Posted: Mon Oct 17, 2016 1:20 pm
by skakos
In May 1997, an IBM supercomputer known as Deep Blue beat then chess world champion Garry Kasparov, who had once bragged he would never lose to a machine. Kasparov and other chess masters blamed the defeat on a single move made by the IBM machine. At the beginning of the second game the computer made a sacrifice that seemed to hint at its long-term strategy. Kasparov and many others thought the move was too sophisticated for a computer, suggesting there had been some sort of human intervention during the game. “It was an incredibly refined move, of defending while ahead to cut out any hint of countermoves”, grandmaster Yasser Seirawan told Wired in 2001, “and it sent Garry into a tizzy”.

Fifteen years later, one of Big Blue’s designers says the move was the result of a bug in Deep Blue’s software. Murray Campbell, one of the three IBM computer scientists who designed Deep Blue, said that the machine was unable to select a move and simply picked one at random. (source)

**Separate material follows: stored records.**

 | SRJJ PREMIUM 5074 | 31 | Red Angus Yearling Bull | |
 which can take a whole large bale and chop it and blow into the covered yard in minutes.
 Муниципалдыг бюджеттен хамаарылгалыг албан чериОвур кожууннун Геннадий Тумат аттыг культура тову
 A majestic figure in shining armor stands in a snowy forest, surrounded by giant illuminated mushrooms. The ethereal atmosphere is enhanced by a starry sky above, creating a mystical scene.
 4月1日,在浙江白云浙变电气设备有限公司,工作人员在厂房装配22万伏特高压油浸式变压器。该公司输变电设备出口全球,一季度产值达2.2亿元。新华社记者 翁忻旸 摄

A random move. Regarded as one of the wisest ever.

But what is "random"? How can such a move, conducted by a programmed algorithm be "random" in any way? Someone programmed this chess program, someone built its circuits. Someone trained it. Someone debugged it. (probably not too successfully) Even though the move seems random, it is actually the deterministic result of many actions designed by conscious beings...

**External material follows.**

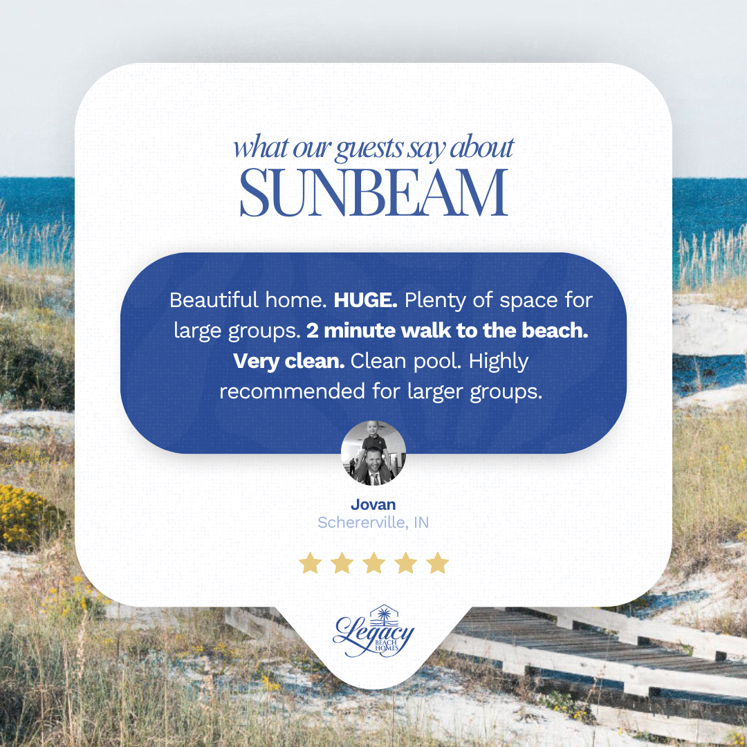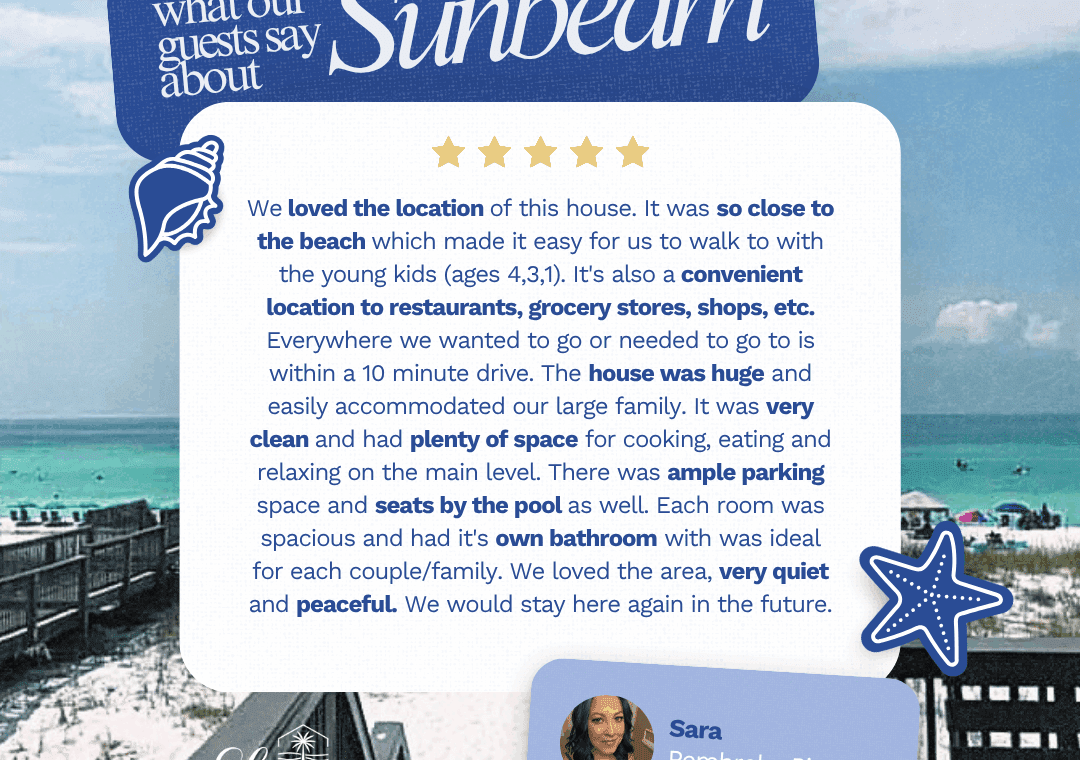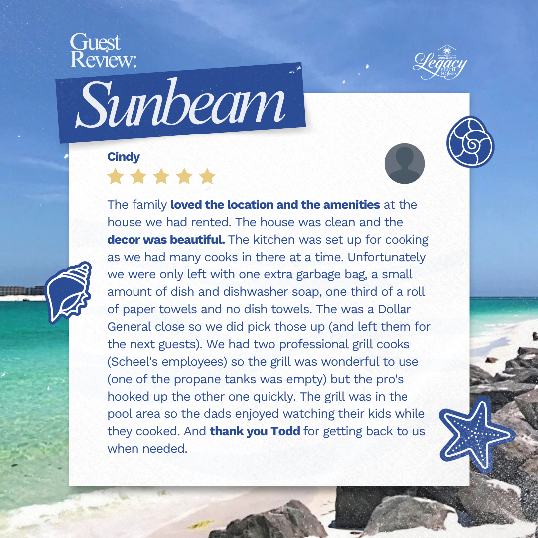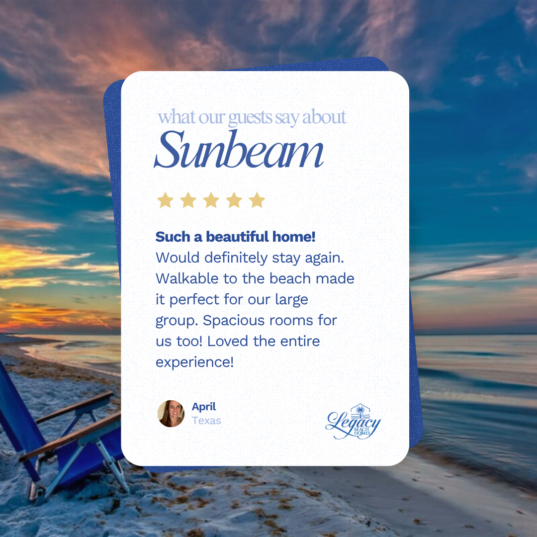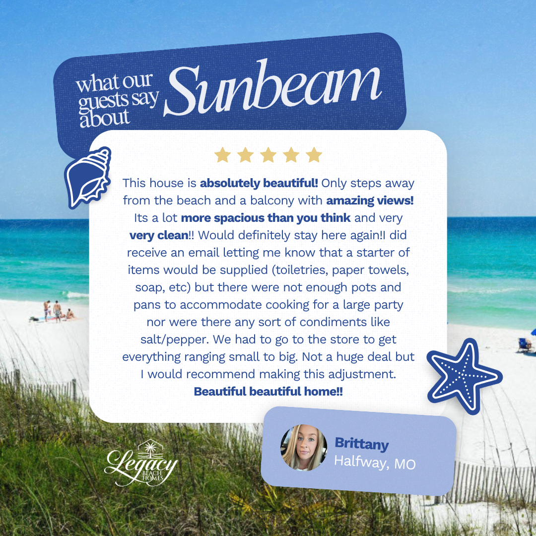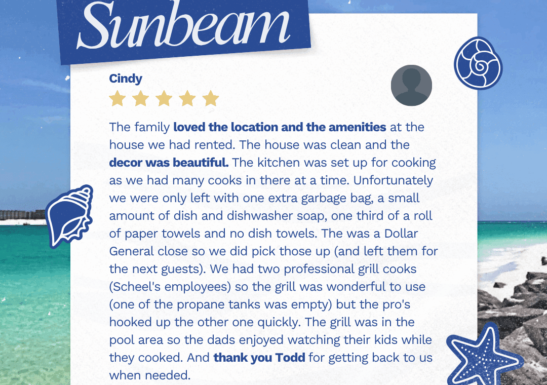 Sunbeam was a great location with great beach access. The home was very comfortable for our weekend guests, and everyone had more than enough room to lounge and relax during our time in Miramar Beach. The pool and grill were both used, as well as the grassy area in the fenced-in portion. Location to restaurants and stores was also a plus, just for household items that we needed to grab.

What do you think? Do you BELIEVE in random?

Re: Random: Does it exist? [The example of Deep Blue]

Posted: Mon Oct 17, 2016 3:02 pm
by OuterLimits
Pre-quantum, every "random" result - like a dice roll - was understood to be the outcome of deterministic processes. Randomness can't be demonstrated to exist - all you can do is exhaust your resources in attempts to find a pattern. Software does things more and more that no programmer understood or chose. Routines can evolve to optimize in ways nobody understands.

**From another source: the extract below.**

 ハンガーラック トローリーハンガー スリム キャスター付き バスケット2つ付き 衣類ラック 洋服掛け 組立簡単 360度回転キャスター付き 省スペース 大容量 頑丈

Re: Random: Does it exist? [The example of Deep Blue]

Posted: Mon Oct 17, 2016 3:19 pm
by Noax
I consider the famous chess match somewhat rigged. Kasparov was not allowed to train for the event in the way that Big Blue was. Knowing your opponent is a significant part of a high level match. I'm surprised Kasparov agreed to the terms.

The move in question was randomly selected not from all possible moves, but from a fairly short list of good ones, none of which stood out from the others.
skakos wrote:But what is "random"? How can such a move, conducted by a programmed algorithm be "random" in any way? Someone programmed this chess program, someone built its circuits. Someone trained it. Someone debugged it. (probably not too successfully) Even though the move seems random, it is actually the deterministic result of many actions designed by conscious beings...
All reasonable chess programs have randomness built in, especially in early moves, else they could be effortlessly beaten. There is nothing magical about how it works. It simply uses some trivial deterministic algorithm based on the time of day or something. It is not an example of true randomness, something of which a chess program has no need.
What do you think? Do you BELIEVE in random?
Different question. I do and don't depending on your definition. Radioactive decay seems to be a random thing, uncaused. Depends on how you frame the events, and how you interpret the physics behind it.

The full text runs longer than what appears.